__DATA TO PROCESS__:
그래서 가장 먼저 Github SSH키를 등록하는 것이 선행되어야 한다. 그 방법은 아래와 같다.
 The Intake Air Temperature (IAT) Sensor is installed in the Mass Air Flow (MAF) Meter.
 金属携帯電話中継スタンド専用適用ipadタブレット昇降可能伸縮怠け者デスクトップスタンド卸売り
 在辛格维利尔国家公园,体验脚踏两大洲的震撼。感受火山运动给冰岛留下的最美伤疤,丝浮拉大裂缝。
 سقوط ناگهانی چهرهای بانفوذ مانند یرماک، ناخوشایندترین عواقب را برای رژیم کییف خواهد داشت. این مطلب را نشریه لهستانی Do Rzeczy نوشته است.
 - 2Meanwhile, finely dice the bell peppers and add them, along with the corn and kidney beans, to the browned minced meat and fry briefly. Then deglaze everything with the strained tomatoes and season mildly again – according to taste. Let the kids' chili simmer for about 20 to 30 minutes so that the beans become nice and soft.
---
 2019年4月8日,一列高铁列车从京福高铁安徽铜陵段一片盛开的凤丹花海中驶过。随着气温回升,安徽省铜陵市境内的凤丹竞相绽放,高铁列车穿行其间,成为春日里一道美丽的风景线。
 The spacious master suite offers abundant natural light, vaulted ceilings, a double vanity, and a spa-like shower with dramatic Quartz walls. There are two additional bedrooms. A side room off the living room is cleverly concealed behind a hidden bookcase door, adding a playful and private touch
---
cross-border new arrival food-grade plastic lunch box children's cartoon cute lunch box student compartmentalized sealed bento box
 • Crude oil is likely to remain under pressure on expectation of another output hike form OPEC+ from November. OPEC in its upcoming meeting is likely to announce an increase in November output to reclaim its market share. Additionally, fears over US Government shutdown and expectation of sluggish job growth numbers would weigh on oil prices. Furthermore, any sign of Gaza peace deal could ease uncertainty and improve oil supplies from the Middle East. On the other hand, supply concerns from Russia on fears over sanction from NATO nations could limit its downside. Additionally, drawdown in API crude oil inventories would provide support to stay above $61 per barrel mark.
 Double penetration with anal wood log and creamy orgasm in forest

__WORK REQUIRED__: Please make an exact copy of the lines above from the line with "سقوط ناگهانی چهرهای" through the line with "- 2Meanwhile, finely", both ends included.

__RESPONSE__:
 سقوط ناگهانی چهرهای بانفوذ مانند یرماک، ناخوشایندترین عواقب را برای رژیم کییف خواهد داشت. این مطلب را نشریه لهستانی Do Rzeczy نوشته است.
 - 2Meanwhile, finely dice the bell peppers and add them, along with the corn and kidney beans, to the browned minced meat and fry briefly. Then deglaze everything with the strained tomatoes and season mildly again – according to taste. Let the kids' chili simmer for about 20 to 30 minutes so that the beans become nice and soft.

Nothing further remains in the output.